In today’s world, most engineering teams are shifting to a micro-service-based architecture. The reasons for that are clear: It’s easier to fix the system when one of 20 services fails instead of a large monolith. It’s analogous to a car’s engine. A car’s engine consists up of several parts. If one of them fails, you only need to replace one or perhaps a few instead of the entire engine.
But how do you know when it’s time to replace the spark plugs or the battery? Today’s cars have many sensors to determine if a part is healthy or not.
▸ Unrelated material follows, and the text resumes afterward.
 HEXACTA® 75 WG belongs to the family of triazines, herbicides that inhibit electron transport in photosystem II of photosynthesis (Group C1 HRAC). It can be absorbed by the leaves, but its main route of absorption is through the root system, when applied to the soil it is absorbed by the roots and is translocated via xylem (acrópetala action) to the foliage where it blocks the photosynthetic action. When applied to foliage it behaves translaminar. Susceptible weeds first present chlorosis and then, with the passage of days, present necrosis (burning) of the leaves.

The onboard computer will let you know if a part needs to be replaced.
The same is true for our modern and cloud-native web applications. Observability helps us in various ways. For one, we learn early on when a service needs attention because it handles too much traffic or fails too often.
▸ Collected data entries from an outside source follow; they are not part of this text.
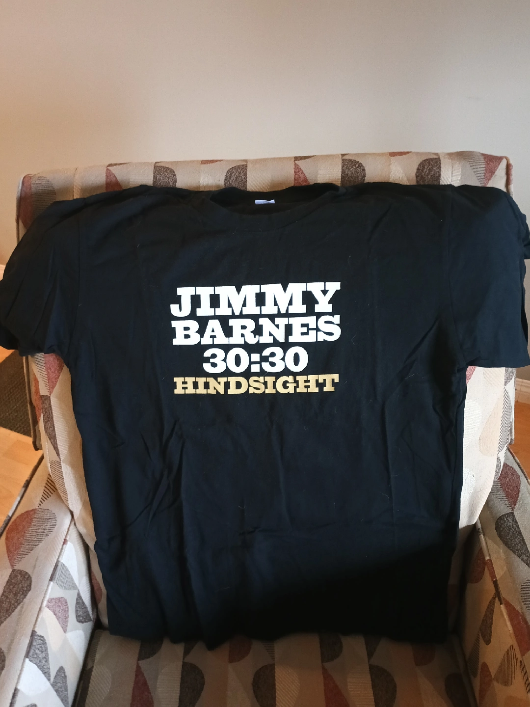 Selling a Jimmy Barnes t-shirt in black. The shirt features the text "JIMMY BARNES 30:30 HINDSIGHT". It's in great condition and ready for a new home!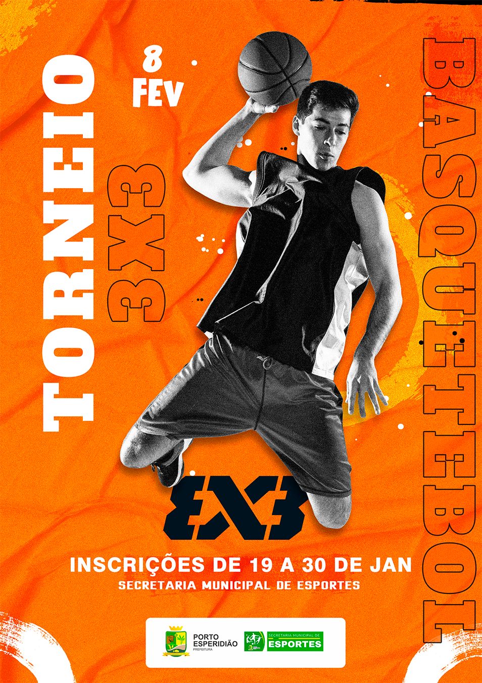 A Prefeitura de Porto Esperidião, por meio da Secretaria Municipal de Esportes, anuncia o Torneio Aberto de Basquete 3x3! 🏀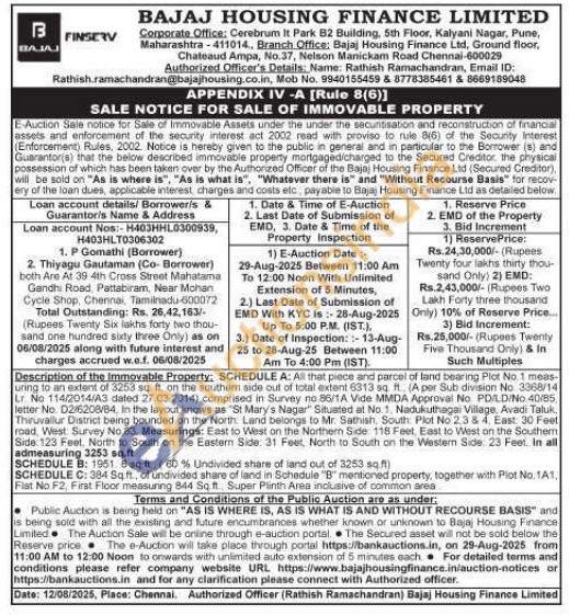 Description of the Immovable Property: SCHEDULE A: All that piece and parcel of land bearing Plot No 1 meas uring to an extent of 3253 sq ft, on the southern side out of total extent 6313 sq ft., (A per Sub division No. 3368/14 Lr. No 114/2014/A3 dated 27.03.2014) comprised in Survey no.86/1A Vide MMDA Approval No PD/LD/No 40/85, letter No. 02/6208/84, In the layout knows as "St Mary's Nagar" Situated at No. 1, Nadukuthagal Village, Avadi Taluk. Thiruvallur District being bounded on the North Land belongs to Mr. Sathish. South. Plot No 2.384 East: 30 Feet road West Survey No.83. Measurings: East to West on the Northern Side 118 Feet, East to West on the Southem Side 123 Feet, North to South on the Eastern Side: 31 Feet, North to South on the Western Side: 23 Feet. In all admeasuring 3253 sq.ft

On the other hand, we can also troubleshoot unforeseen issues more effectively. Observability allows us to ask questions based on the system’s output data. We don’t need to go in and add additional debug outputs first; deploy and hope the issue comes up again. Instead, we can use that data for troubleshooting because our services are already instrumented and sending telemetry data.
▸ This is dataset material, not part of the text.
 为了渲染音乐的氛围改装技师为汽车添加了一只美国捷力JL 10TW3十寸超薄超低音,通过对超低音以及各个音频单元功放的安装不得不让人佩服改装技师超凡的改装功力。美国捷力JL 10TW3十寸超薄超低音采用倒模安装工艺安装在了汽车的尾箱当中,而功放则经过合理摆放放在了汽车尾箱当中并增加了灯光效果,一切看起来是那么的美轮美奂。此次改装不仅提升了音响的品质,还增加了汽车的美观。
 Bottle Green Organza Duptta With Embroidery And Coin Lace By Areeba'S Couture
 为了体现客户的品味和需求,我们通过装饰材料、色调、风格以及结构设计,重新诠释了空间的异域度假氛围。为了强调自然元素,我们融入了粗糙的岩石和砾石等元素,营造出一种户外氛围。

How do I instrument my service?
There are different ways to instrument a specific service. A good starting point would be adding log output to your code, generating structured logs at runtime. Logs are one of the most commonly used data signals for troubleshooting.
Many applications also report metrics. Metrics consist of aggregated data points such as “Number of customers per hour” or “Number of 4xx errors served”.
Last but not least, there are traces. Traces paint a picture of transactions across services boundaries. For instance, during checkout, you see how the API service calls payments, then logistics, and finally notifications service. Traces record these interactions, including meta information such as payloads.
For Rust applications, there are several ways available when it comes to instrumenting your application. Today, we’ll also be using the tracing crate to generate trace data, but in a less intrusive way.
What does the tracing crate do?
The tracing crate is part of Tokio and provides convenient methods to collect telemetry data from within our application through log generation, but also macros that record function parameters.
Getting started with tracing
In your application’s Cargo.toml
, add these two crates:
tracing = "0.1.29"
tracing-subscriber = "0.2.0"
tracing
and tracing-subscriber
will allow us to generate structured telemetry data locally, without sending it anywhere.
Once you’ve installed the crates, let’s get into instrumenting our code. The examples below are from tracing
’s README file:
fn main() {
// a builder for `FmtSubscriber`.
let subscriber = FmtSubscriber::builder() //(1)
// all spans/events with a level higher than TRACE (e.g, debug, info, warn, etc.)
// will be written to stdout.
.with_max_level(Level::TRACE)
// completes the builder.
.finish();
tracing::subscriber::set_global_default(subscriber) //(2)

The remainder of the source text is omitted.